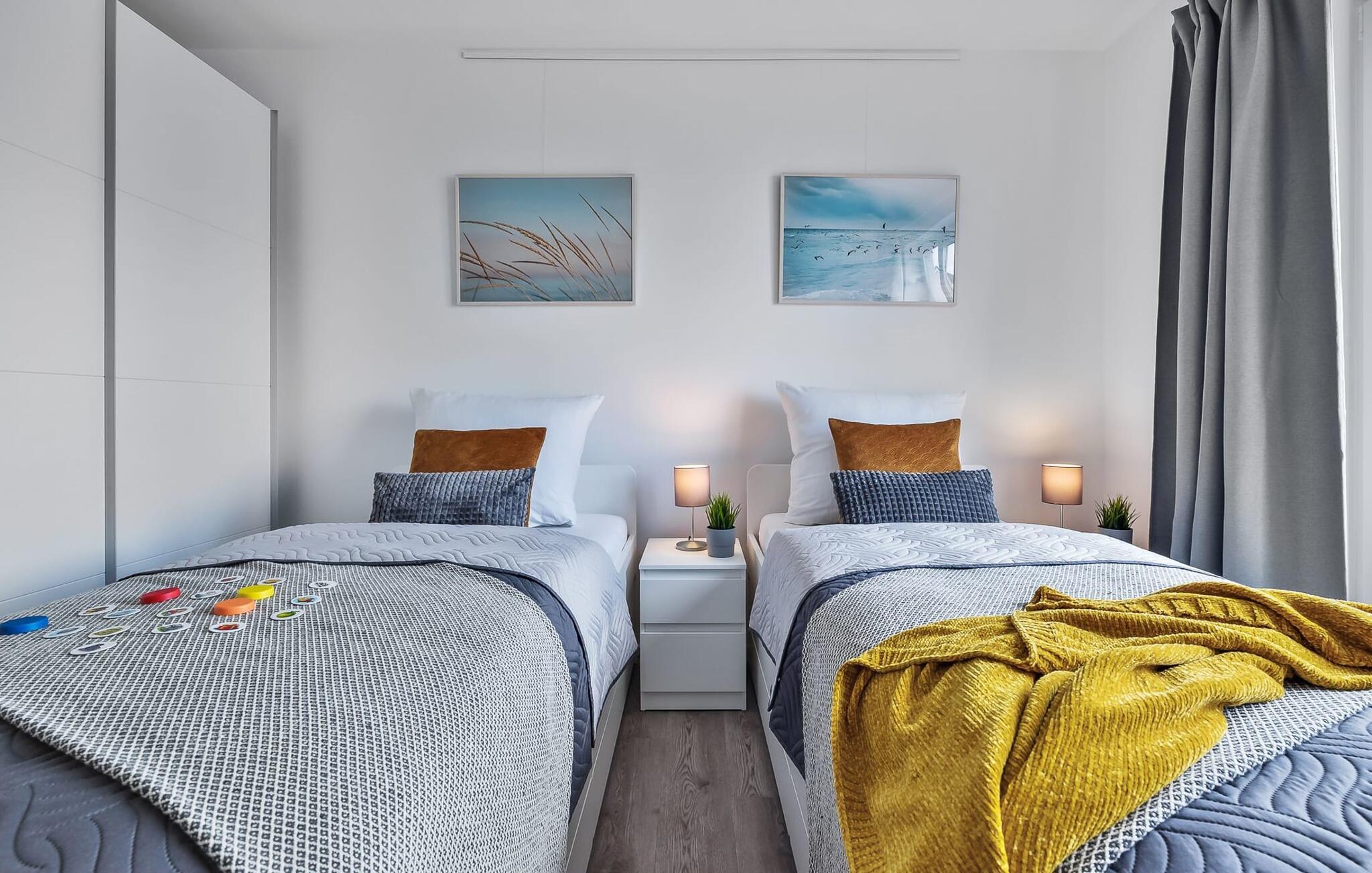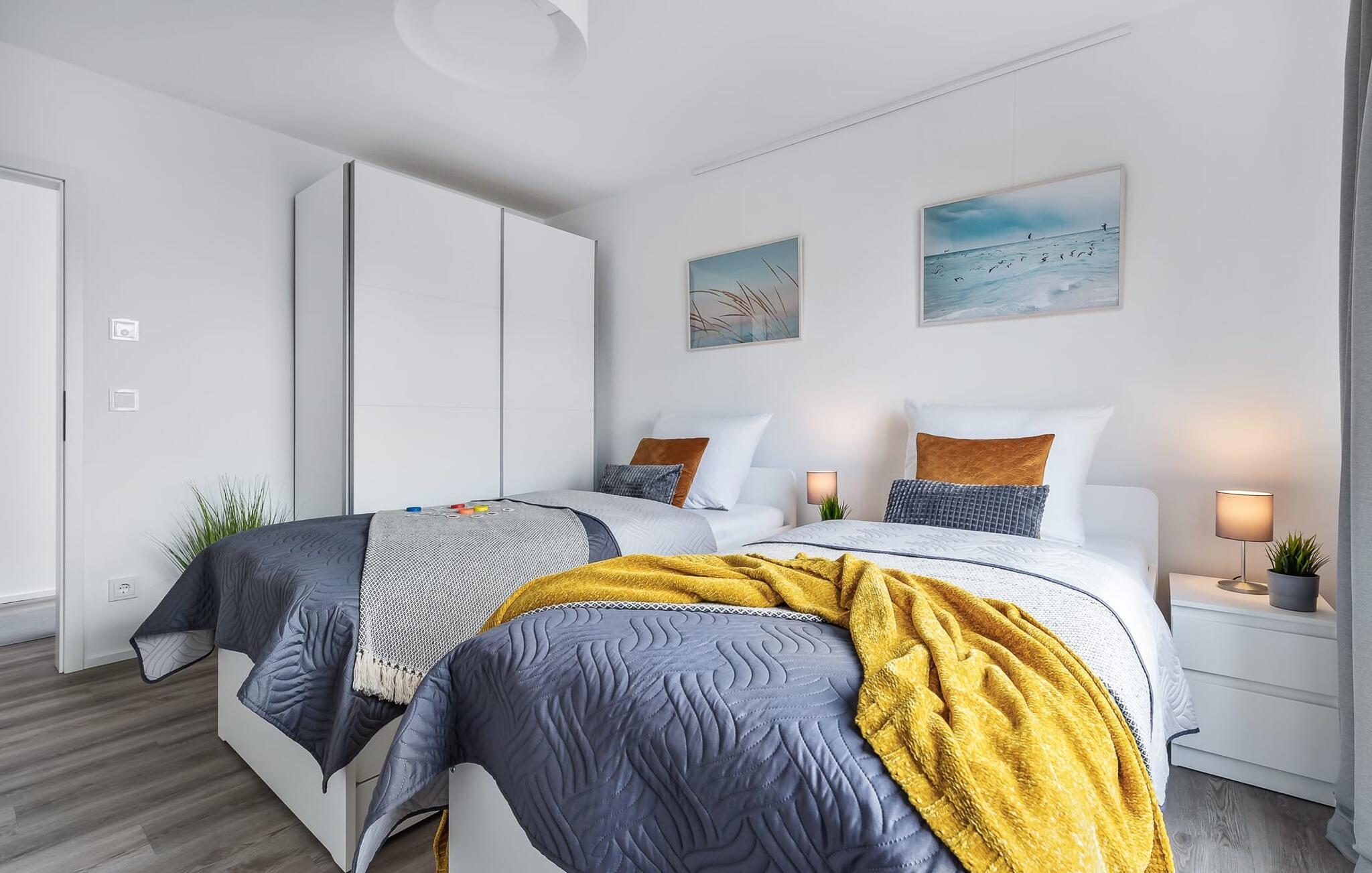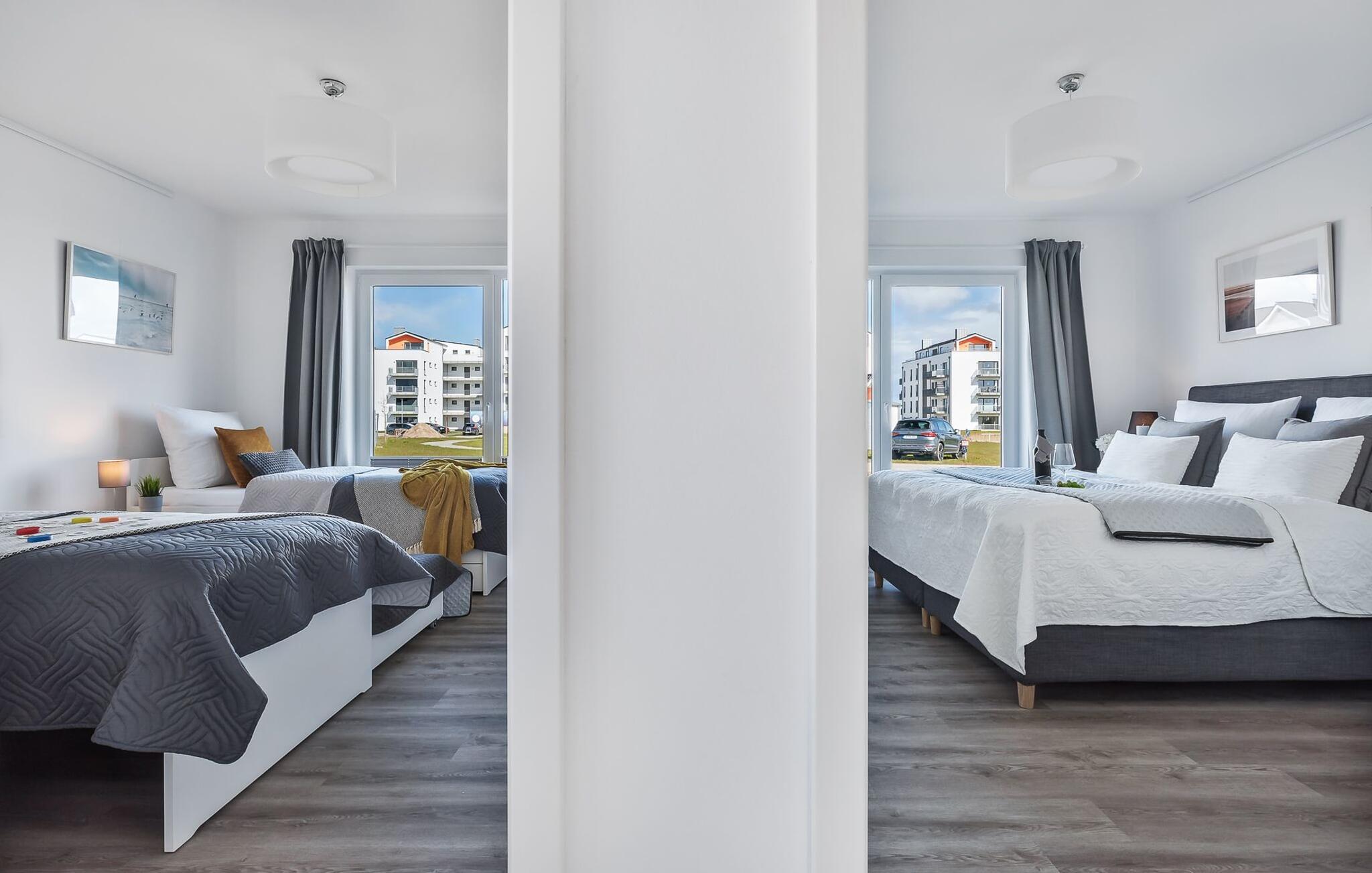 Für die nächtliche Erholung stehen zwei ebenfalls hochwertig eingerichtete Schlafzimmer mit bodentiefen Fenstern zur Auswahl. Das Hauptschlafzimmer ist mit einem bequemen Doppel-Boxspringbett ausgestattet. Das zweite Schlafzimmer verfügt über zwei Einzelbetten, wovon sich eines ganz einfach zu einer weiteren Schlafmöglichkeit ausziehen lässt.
==
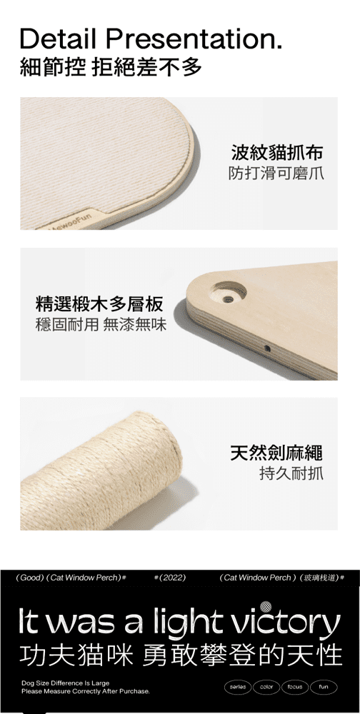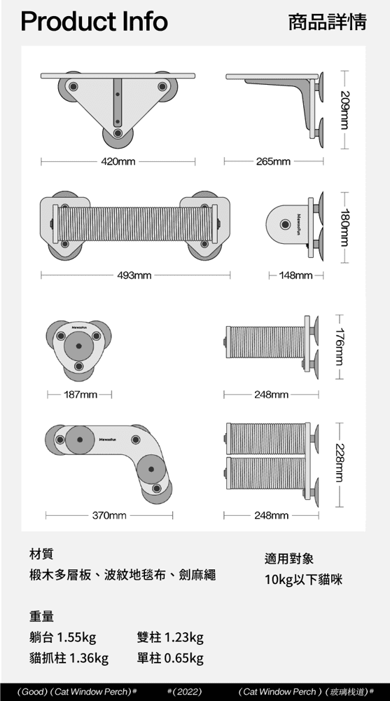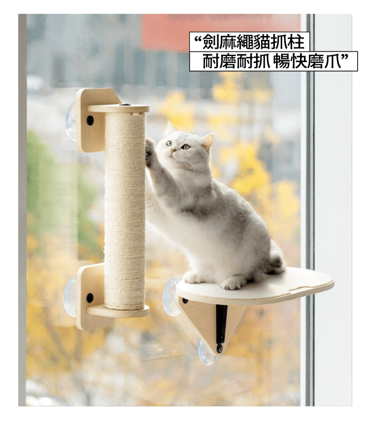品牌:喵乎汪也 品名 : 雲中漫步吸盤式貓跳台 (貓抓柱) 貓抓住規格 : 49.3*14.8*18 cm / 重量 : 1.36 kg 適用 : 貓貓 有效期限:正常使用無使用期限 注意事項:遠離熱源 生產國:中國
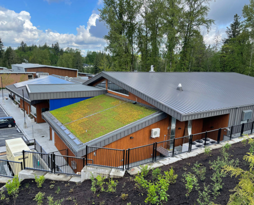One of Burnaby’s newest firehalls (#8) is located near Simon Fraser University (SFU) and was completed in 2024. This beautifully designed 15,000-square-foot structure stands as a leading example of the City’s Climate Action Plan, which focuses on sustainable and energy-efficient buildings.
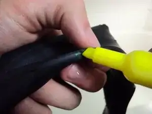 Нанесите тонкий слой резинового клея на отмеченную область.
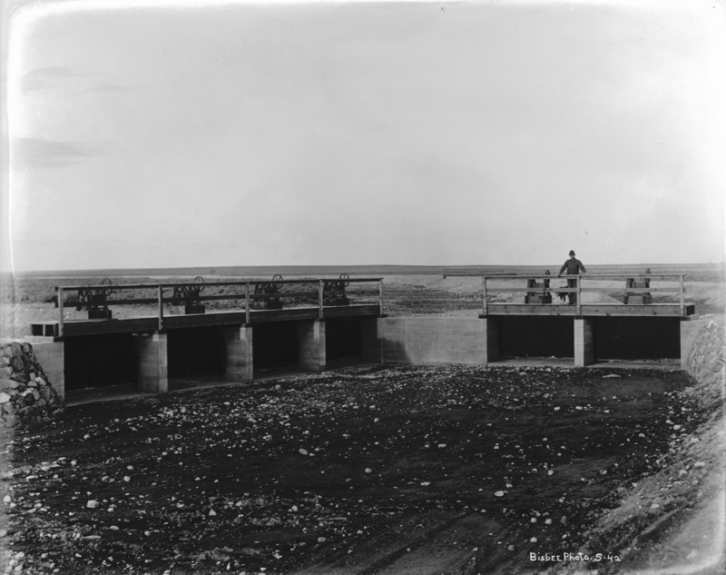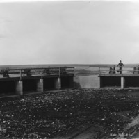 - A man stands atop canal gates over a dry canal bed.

### Exercise description
Both boundary lines included, write out word for word only the lines above from the one containing "One of Burnaby’s" to the one containing "- A man stands", leaving out any pictures.

### Task response
One of Burnaby’s newest firehalls (#8) is located near Simon Fraser University (SFU) and was completed in 2024. This beautifully designed 15,000-square-foot structure stands as a leading example of the City’s Climate Action Plan, which focuses on sustainable and energy-efficient buildings.
 Нанесите тонкий слой резинового клея на отмеченную область.
 - A man stands atop canal gates over a dry canal bed.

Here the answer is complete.